The associate

Before I begin, it is important to note that I absolutely adore Whoopi Goldberg. Sure, she has been in some crappy films, but for the most part, I find her very watch-able. Goldberg did several films for Disney, including the extremely popular “Sister Act.” She later did two films back-to-back that didn’t fare so well at the box office, but found favor with me. They were corny, good, old-fashioned entertainment, but they weren’t crowd pleasers.

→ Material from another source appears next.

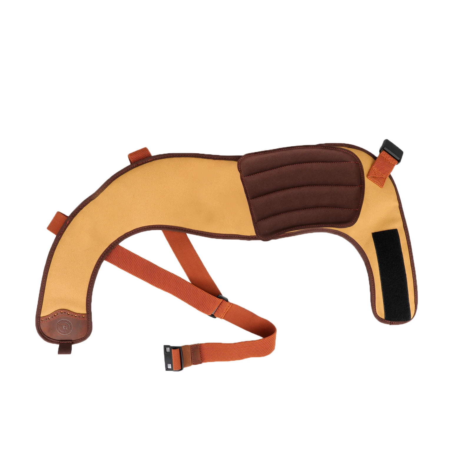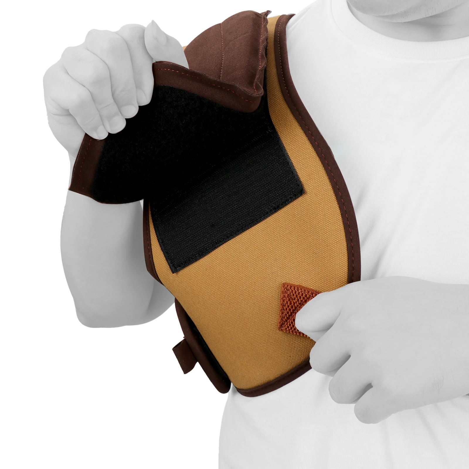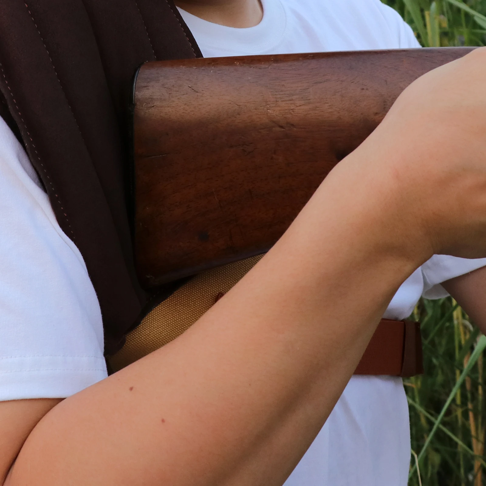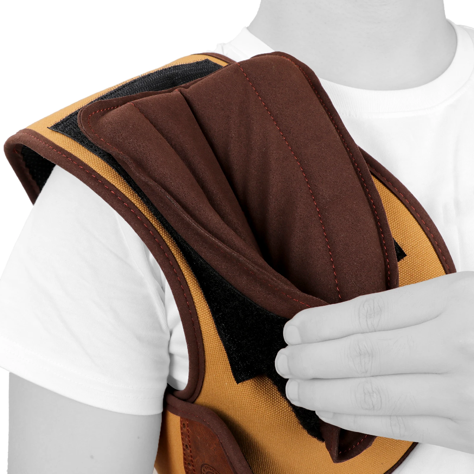 -Esta hombrera de tiro se puede llevar en el hombro derecho y se sujeta con un cierre lateral fácilmente ajustable para un ajuste seguro.

One was the basketball comedy “Eddie,” where Goldberg played the ultimate basketball fan who gets a chance to be manager for a day. associateThen there was “The Associate,” a wonderful little comedy about equality in the workplace. Written by Nick Thiel, “The Associate” is actually a fairytale. It is hard to take any of this seriously, yet Goldberg and the cast are so engaging that you don’t mind dropping your guard and giving in to their charms. Goldberg is excellent as Laurel, a Wall Street whiz who doesn’t get the respect she deserves because she is a woman. Taken advantage of one last time by the boy’s club firm she works for, Laurel quits. With the assistance of her former secretary Sally (Dianne Wiest), Laurel attempts to start her own firm, but meets testosterone roadblocks every where she turns. It becomes apparent that the only way Laurel is going to make any headway is to become a man. With the help of a female impersonator friend, Laurel creates the rich and powerful Robert Cutty, who becomes the talk of Wall Street. You totally have to throw disbelief out the window in order to buy the premise. The make-up applications used to turn Goldberg into older, white male are hardly foolproof, but that’s not the point. The fun comes in watching Goldberg work through the mechanics of the plot. Most of the characters are stock, but the people playing them instill them with enough spunk to make them interesting. Goldberg is delicious, especially when she’s getting even with the smarmy male colleague (Tim Daly) who tried to steal her thunder. Dianne Wiest is always a delight, and she sparkles here. She is at her best playing wise, shrewd women, and she excels here. Austin Pendleton (another favorite since “What’s Up Doc?“) has some nice moments as a mousey millionaire, and Bebe Neuwirth turns up the heat as a power groupie. The film is ably directed by Donald Petrie, who keeps everything light and fluffy. Not a classic, and not even a great film, “The Associate” is still an enjoyable romp that more than gets the job done.

COMPLETE CHECK-UP

VISION: [ ] 20/20 [ X ] Good [ ] Cataracts [ ] Blind

Generally chipper 1.85:1 widescreen transfer looks a little muddy in spots. On the whole, the images are clean and sharp, with excellent color saturation and flattering flesh tones. Blacks are generally solid, while whites and shadows look clean thanks to a pristine negative that shows only a minute amount of flaws. Some interior scenes look a little fuzzy, but it may have been an artistic decision as book ending scenes look vibrant. Depth of field is amazingly strong, with excellent attention to detail. Some patterns prove problematic, but not enough to throw your arms up in dismay.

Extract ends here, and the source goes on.